SOFIA (Bulgaria), November 13 (SeeNews) – Bulgarian cast iron foundry Tchugunoleene will cut staff by a quarter due to decline in its exports caused by the global financial turmoil, the company said on Thursday.
“The management will lay off 25% of the staff alongside with other measures to cut spending,” Tchugunoleene’s CEO, Vladimir Popov, said in a statement.
The company hopes it will be able to continue production, albeit in reduced volumes, he added.
Local media reported earlier that other companies in Bulgaria’s metal sector are also suffering from lower global prices for their products and some have started cutting jobs. The country’s two chemical fertilizer plants, Agropolichim and Neochim, which are leaders in their sector in southeast Europe, have also said they will temporarily halt operations in view of the crisis.
Although the cabinet in Sofia says that the global crisis would only have an indirect effect on the country, which has no direct exposure to toxic U.S. securities, the global financial turmoil seems to have hit the Bulgaria’s emerging economy much harder than expected as metals and chemicals are the key export items for the European Union newcomer, which depends on foreign cash inflow to balance out its huge current account deficit, analysts say.
Tchugunoleene exports nearly 85% of its output and a drop in orders from its key markets like Italy, Germany and France has put it in “an extraordinary situation”, the company said.

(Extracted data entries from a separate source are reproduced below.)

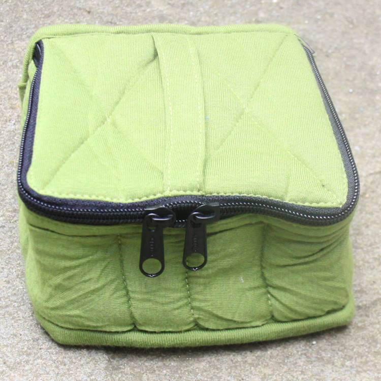 The exterior fabric is a strong polyester which gives the bag a firm and sturdy feel. The interior is cotton jersey with foam padding in the walls. The bottles are held tightly together by a padded grid in the same cotton as the interior. They are prevented from rattling as they would against the walls of a conventional wooden box.
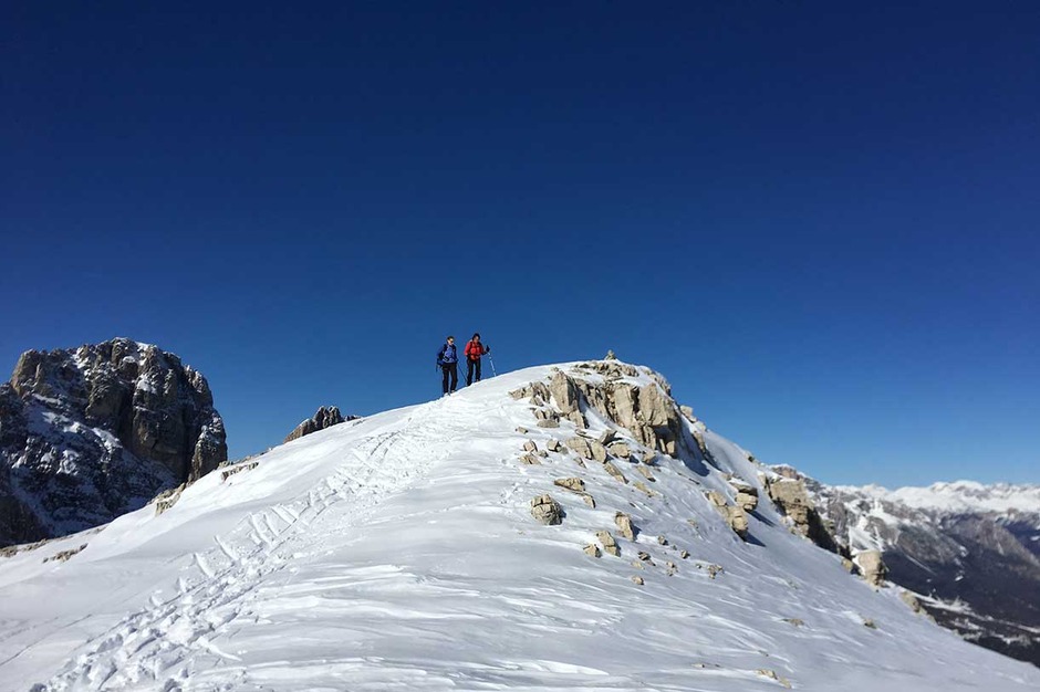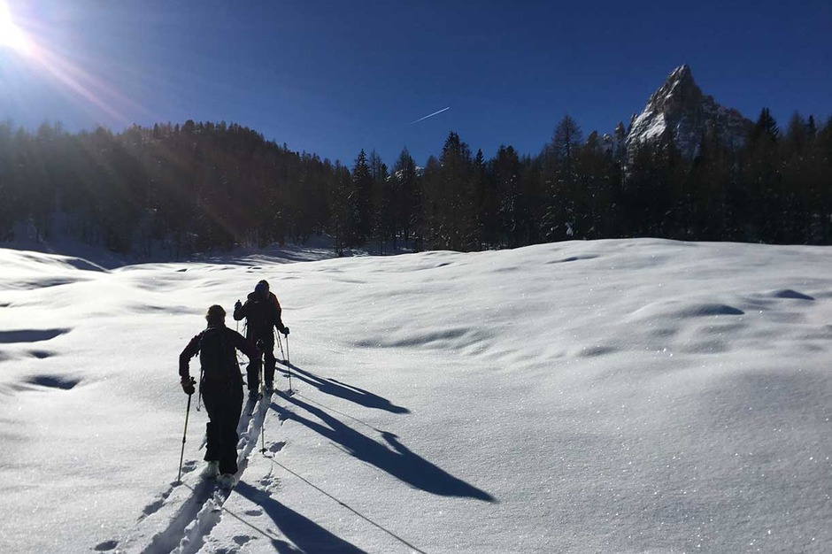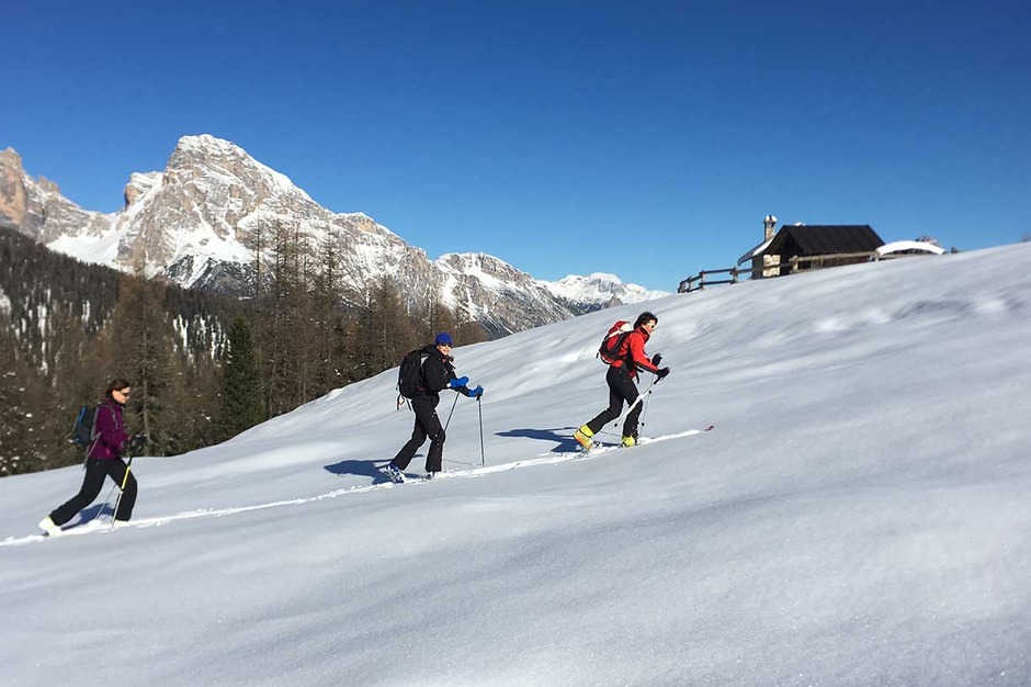 The itinerary of the backcountry excursion in Cortina to the Rocchette progresses towards the Hunter's Hut on Col Degiarenei, gently climbing up to the foot of the Rocchette rocks.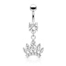 Word een prinses voor een dag met de hulp van deze mooie navelpiercing met een kroontje van steentjes als hanger. Deze ultra vrouwelijke prinsessenkroon bestaat bijna uitsluitend uit stenen. Voor de puntjes zijn ovale steentjes gebruikt, die net als bij een echte kroon verschillende lengtes hebben. De basis van de kroon bestaat uit kleine ronde stenen die het geheel prachtig afmaken.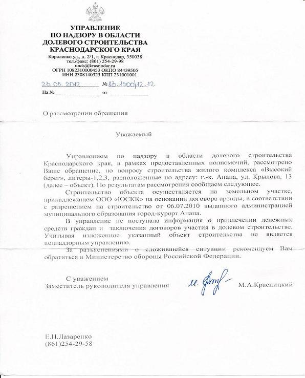 Пришел ответ из управления по надзору в области долевого строительства Краснодарского края.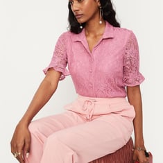 An epitome of elegance, this shirt is highlighted with a floral lace overlay. It is designed with a spread collar, short sleeves with ruffled cuffs, and a button-down front. Style this shirt with a pair of trousers and block heels for a sophisticated look.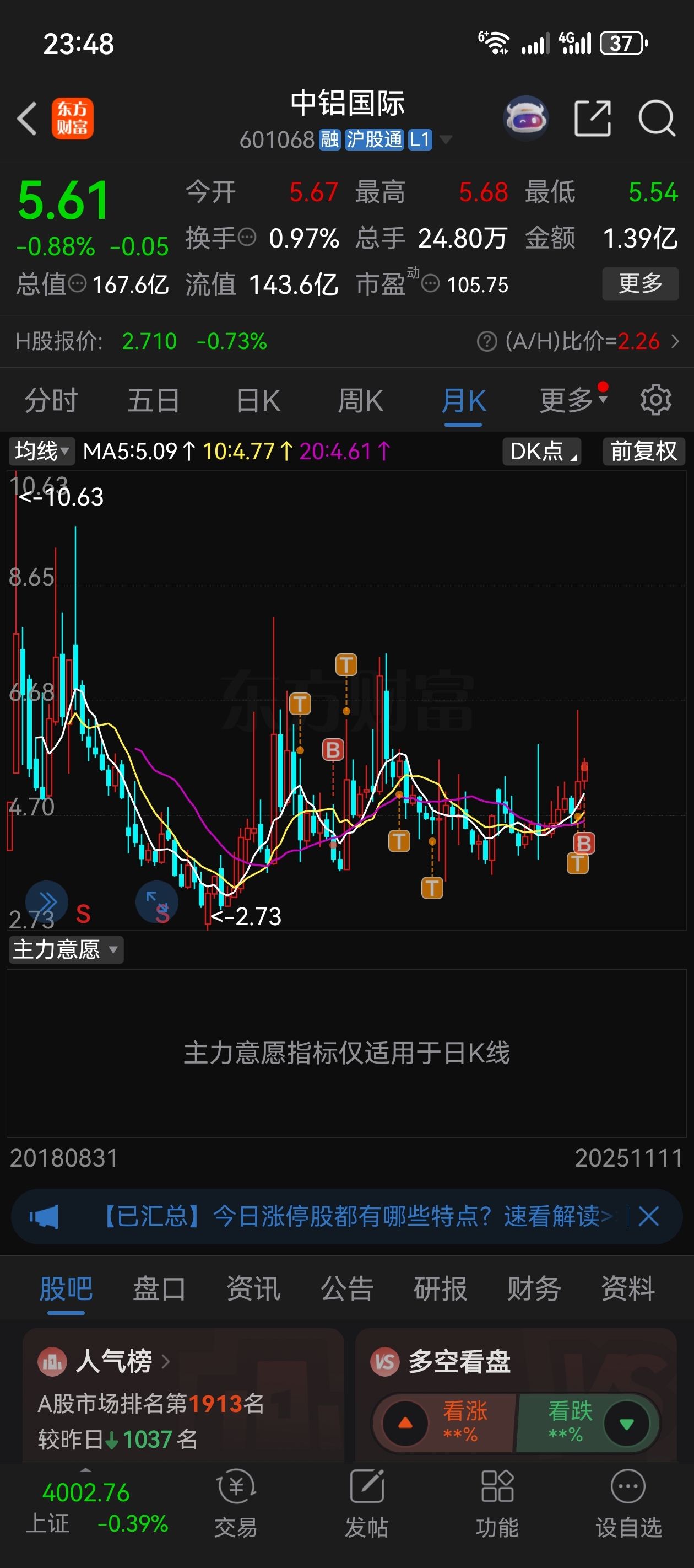 $中铝国际(SH601068)$ 关注了这股几年,给我的感觉就是没有大涨,自然也不会大跌,基本不受利好消息影响,基本也没利空,跌了买,涨20个点左右卖,稳定的很跟买了几次基本都小赚一点!

It turned to a half-year net loss of 1.16 million levs ($742,700/598,600 euro) from a net profit of 484,000 levs a year earlier due to rising prices of raw materials and energy supplies.
Tchugunoleene produced 14,936 tonnes of iron castings in the first half of 2008, up 15% on the year. Earlier this year Tchugunoleene said it expects its pre-tax profit to reach 2.23 million levs this year on the back of a projected 52.5% rise in sales revenue.
The company stock lost 21.12% on Thursday to 5.9 levs in turnover of some 500 shares.